## Required work:
Set down a true copy of the data, with all pictures left out.

## Source material:
☆ ☆ ☆

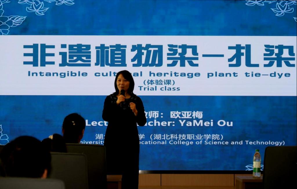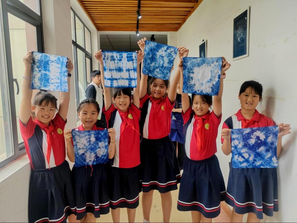 我校非遗项目负责人欧亚梅老师以“非遗植物染——扎染”为题,生动介绍了传统植物蓝染文化与扎染技艺流程。课程实践环节,学生志愿者分组指导大花岭小学师生完成蓝染项目化课程。当靛蓝色在织物上晕染出独特图案时,传统工艺在校校传递中焕发新生。
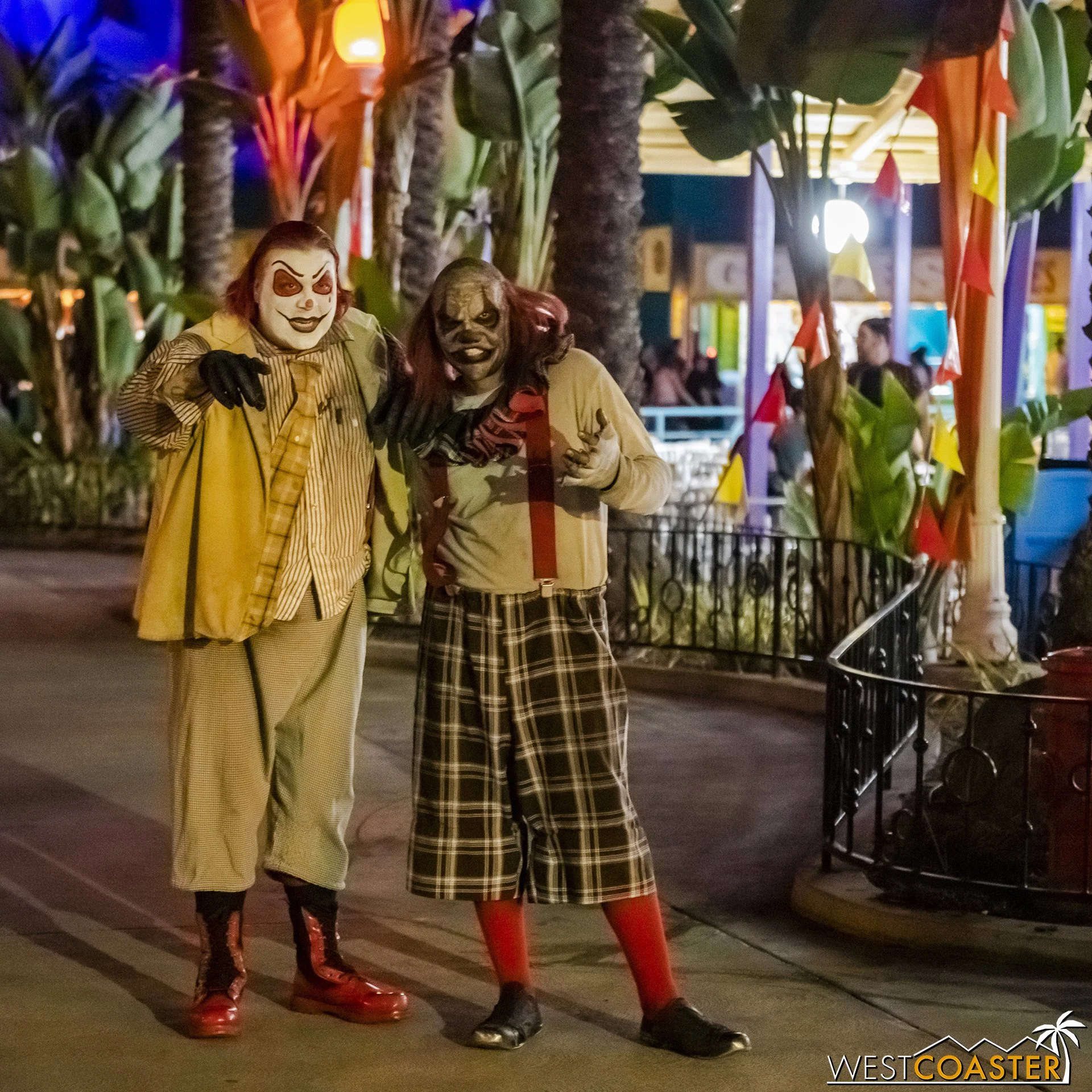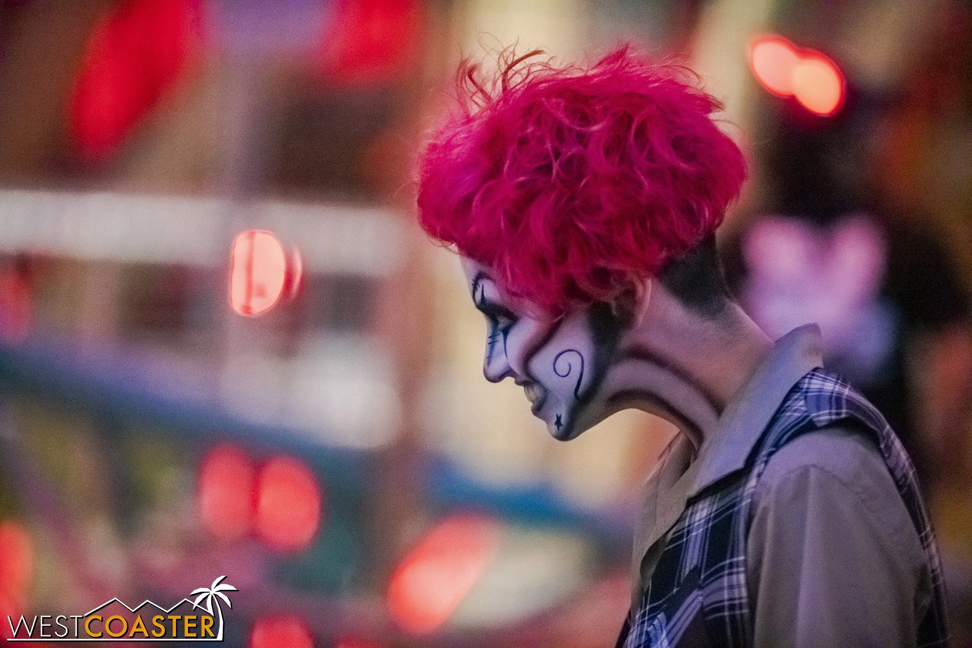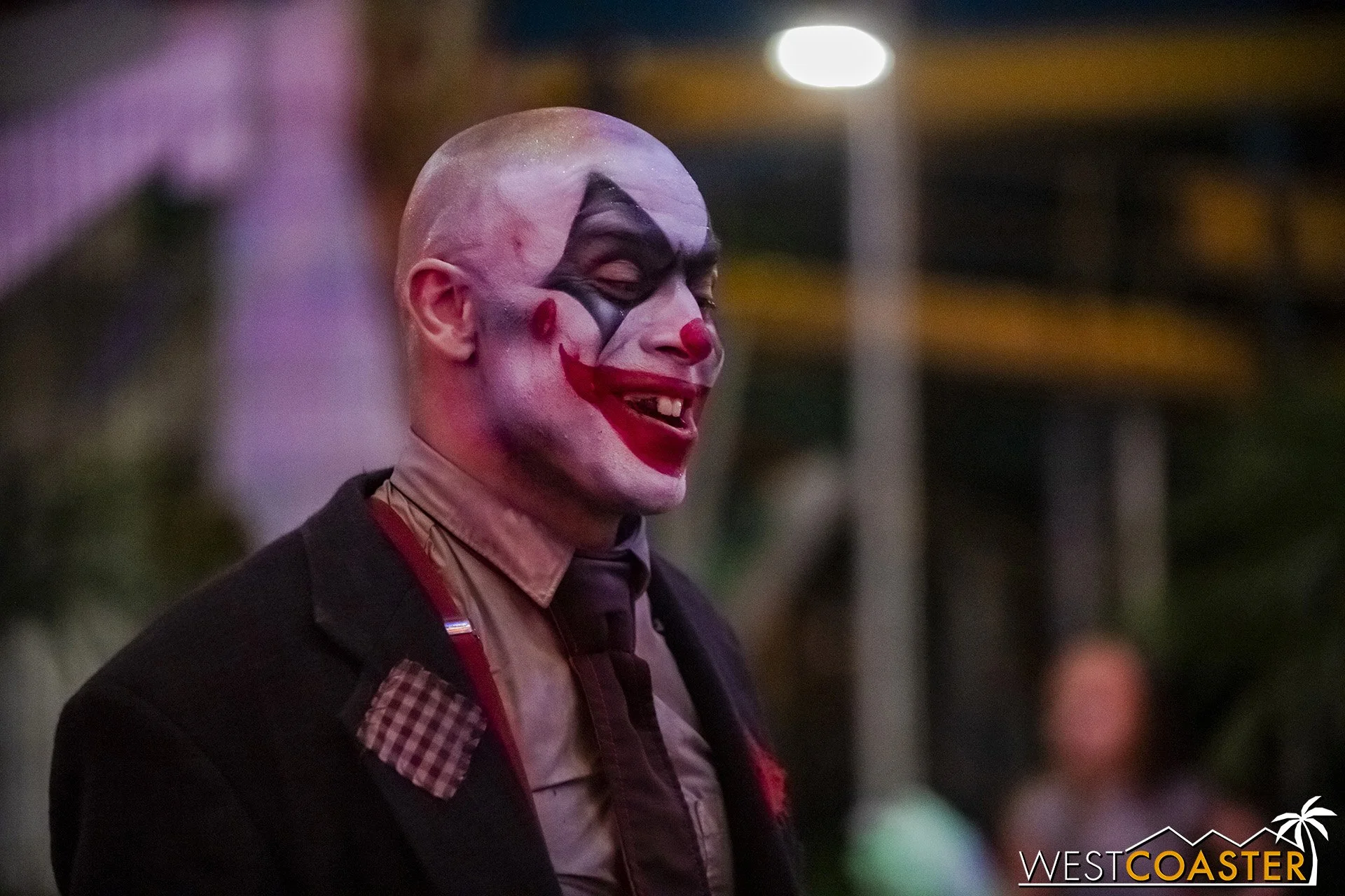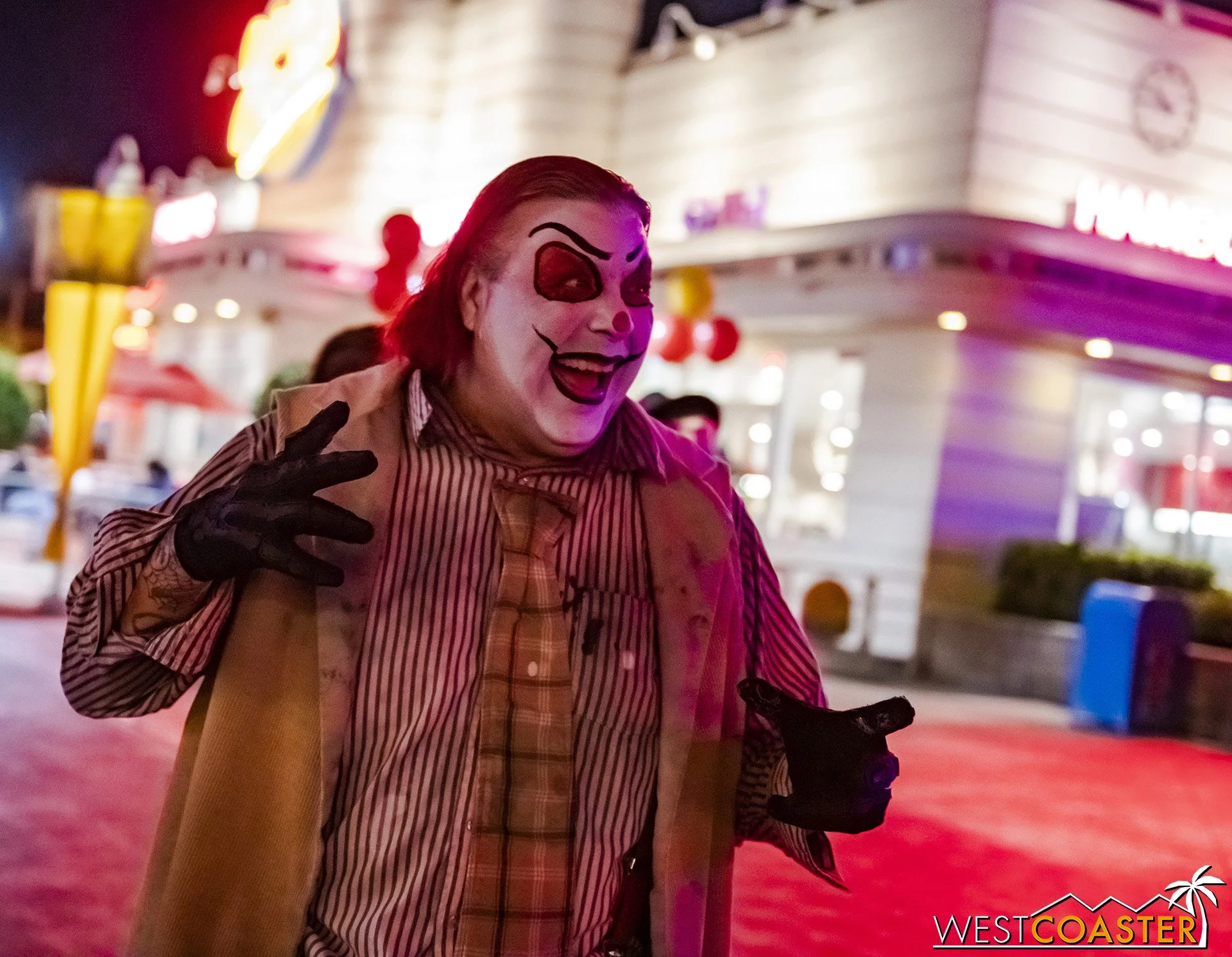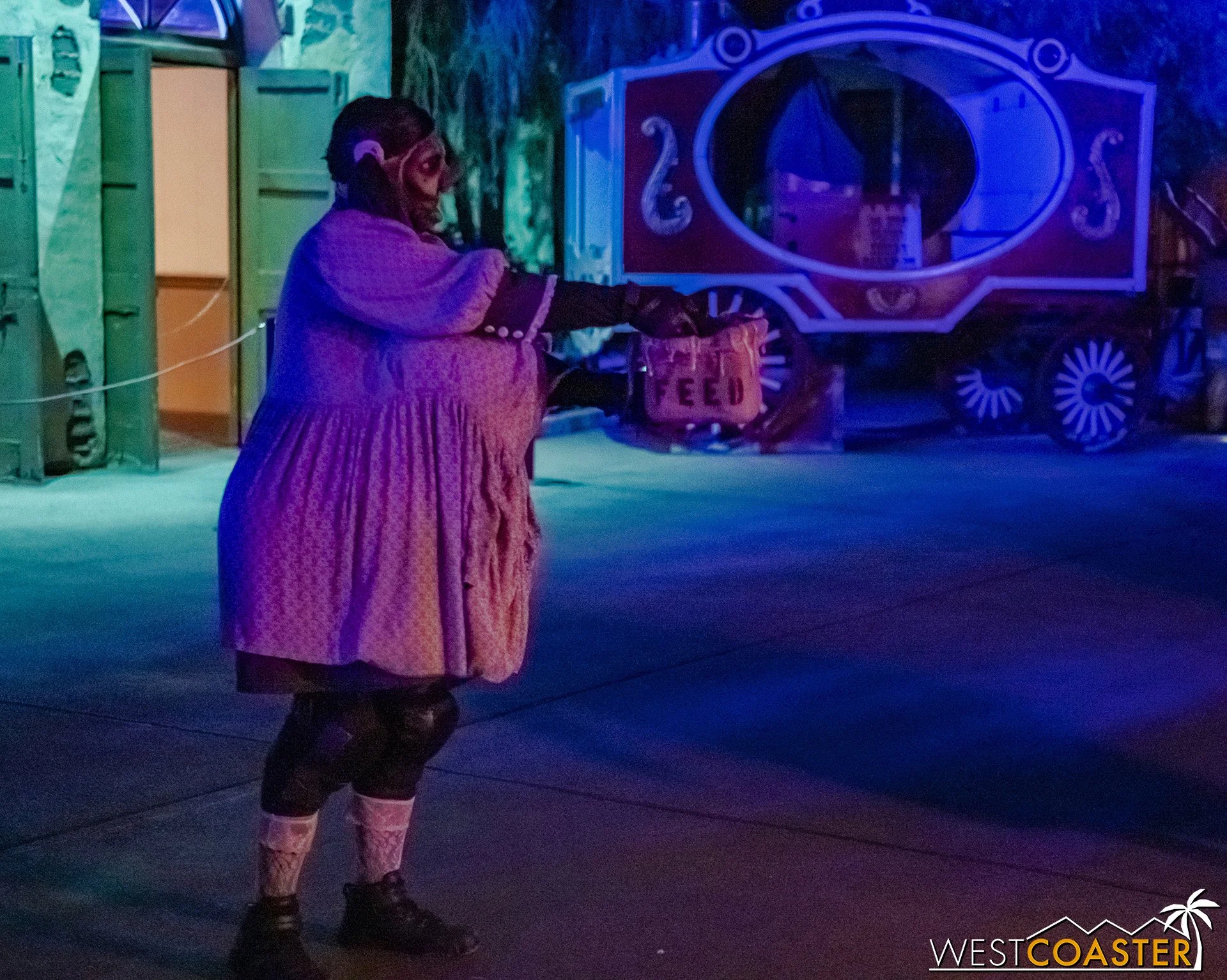 Bright, fogless, and open, Carnevil is the absolute antithesis of Ghost Town. With limited advantages for hiding spots, the scareactors here must rely on coulrophobia to achieve their scares. But barring that, they’re also the most hilarious scareactors in the park, because they get to live up to their stereotype was pranksters and maniacs and entertainers. Whether it’s with improvised skits using their own scare props, stalking or mocking guests, or role playing some absurd game with each other as a distraction for team-up scares, the clowns in Carnevil put on quite a show. We do wish that Knott’s would incorporate more set pieces—even if they were mobile—to give the area more ambiance than just colorful lights and freak show banners, but the fantastic talent still find a way to get their frights and startles.
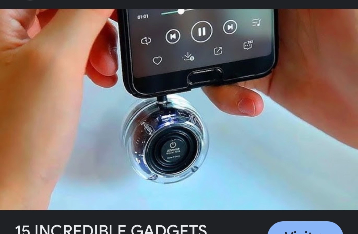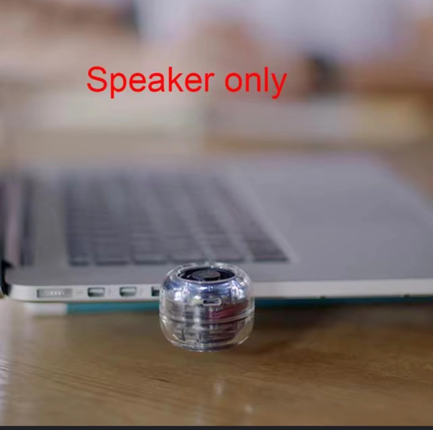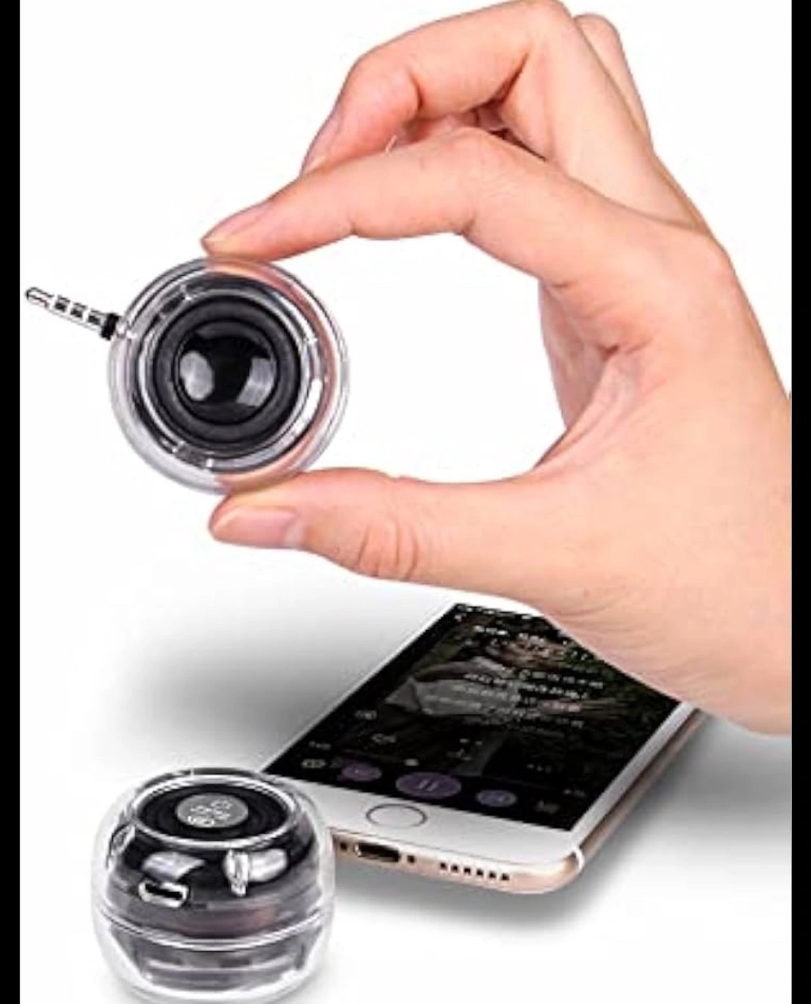 Small, round speaker. Connects via aux cable. Transparent casing. Compact and portable design. Ideal for travel.

☆ ☆ ☆

## Answer section:
 我校非遗项目负责人欧亚梅老师以“非遗植物染——扎染”为题,生动介绍了传统植物蓝染文化与扎染技艺流程。课程实践环节,学生志愿者分组指导大花岭小学师生完成蓝染项目化课程。当靛蓝色在织物上晕染出独特图案时,传统工艺在校校传递中焕发新生。
 Bright, fogless, and open, Carnevil is the absolute antithesis of Ghost Town. With limited advantages for hiding spots, the scareactors here must rely on coulrophobia to achieve their scares. But barring that, they’re also the most hilarious scareactors in the park, because they get to live up to their stereotype was pranksters and maniacs and entertainers. Whether it’s with improvised skits using their own scare props, stalking or mocking guests, or role playing some absurd game with each other as a distraction for team-up scares, the clowns in Carnevil put on quite a show. We do wish that Knott’s would incorporate more set pieces—even if they were mobile—to give the area more ambiance than just colorful lights and freak show banners, but the fantastic talent still find a way to get their frights and startles.
 Small, round speaker. Connects via aux cable. Transparent casing. Compact and portable design. Ideal for travel.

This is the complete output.